Haben die Wölfe Platz in der Schweiz?
Wenn Wölfe nicht Nutztiere reissen würden, hätten sie vielleicht schon Platz. Die Problematik besteht darin, dass die meisten Wölfe in der Schweiz Wolfshybriden sind (Wolf-Hund-Mischling). Hybride sind weniger scheu gegenüber dem Menschen und dringen daher bis in die Wohnsiedlungen vor. Die Resultate unserer regelmässig durchgeführten DNA-Analysen haben ergeben, dass es sich bei den Wolfsrissen bisher immer um Wolfshybriden gehandelt hat. In der Schweiz leben wir nahe aufeinander und sind dicht besiedelt, es ist schwierig, dass der Wolf unter diesen Umständen seinen Platz finden kann.
Oder möchten Sie den Wolf lieber ausrotten?

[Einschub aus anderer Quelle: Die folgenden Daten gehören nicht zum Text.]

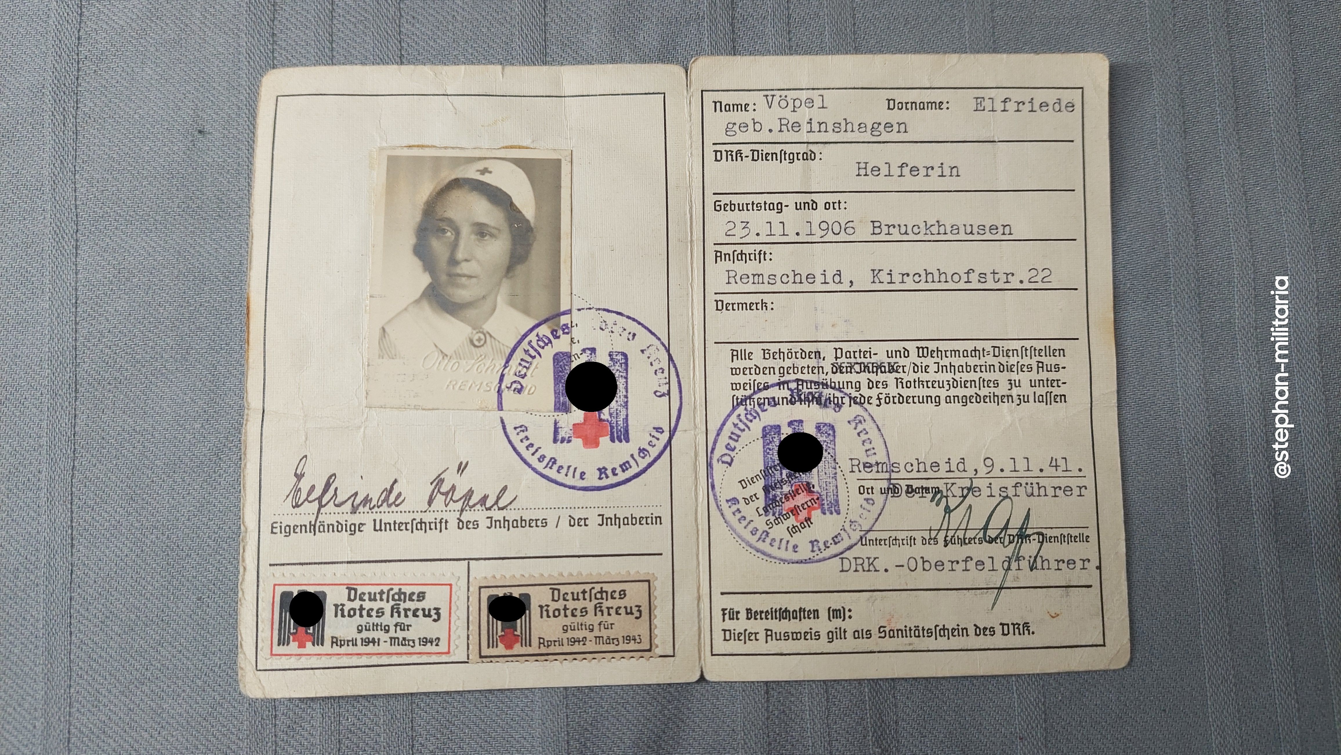 3.Reich Deutsches Rotes Kreuz Personal-Ausweis Helferin von 1941 - Remscheid DRK

Das wird nicht möglich sein, da es bereits zu viele hat. Als Landwirt und Nutztierhalter mit Alpwirtschaft würde ich sagen: Grundsätzlich ja, dann hätten wir diese Probleme nicht und müssten nicht alle diese Massnahmen ergreifen. Unser Ziel muss es sein, die Risszahlen möglichst tief zu halten und den Wolf unkompliziert zu regulieren.
Wie wollen Sie Städter von der Initiative überzeugen?
Es wird eine ganz klare Stadt-Land-Graben-Abstimmung geben, das ist uns bewusst. Beim Sammeln der Unterschriften haben wir jedoch festgestellt, dass auch bei der städtischen Bevölkerung immer mehr ein Umdenken stattfindet. Die Leute merken langsam, dass es mit einer jährlichen Zunahme der Wolfspopulation von rund 25 Prozent in Zukunft wohl doch nicht ohne eine Regulierung gehen wird. Das Risiko, die Wölfe in den Siedlungsgebieten zu haben, will man dann doch nicht tragen.
Was für Chancen rechnen Sie sich aus?
In Anbetracht, dass die Problematik in den letzten Alpsommern rasant zugenommen hat und in den nächsten Jahren auch nicht abnehmen wird, ist es möglich. den Abstimmungskampf zu gewinnen. Es wird entscheidend sein, wann das Abstimmungsdatum gewählt wird, dadurch lässt sich natürlich noch einiges steuern. Fakt ist: Die Wölfe sind da und werden aktiv bleiben. Es wird ein emotionaler und heisser Abstimmungskampf, der grundsätzlich nicht chancenlos ist.
Beenden Sie die Sätze …
Die Wolfsinitiative ist … wichtig für den Kanton Bern, damit man den Wolf regulieren kann.
Der Wolf ist … gefährlich für die Alpwirtschaft im Kanton Bern.
Landwirtschaft ist … wichtig für die Ernährungssicherheit und für die Bewirtschaftung der Alpgebiete.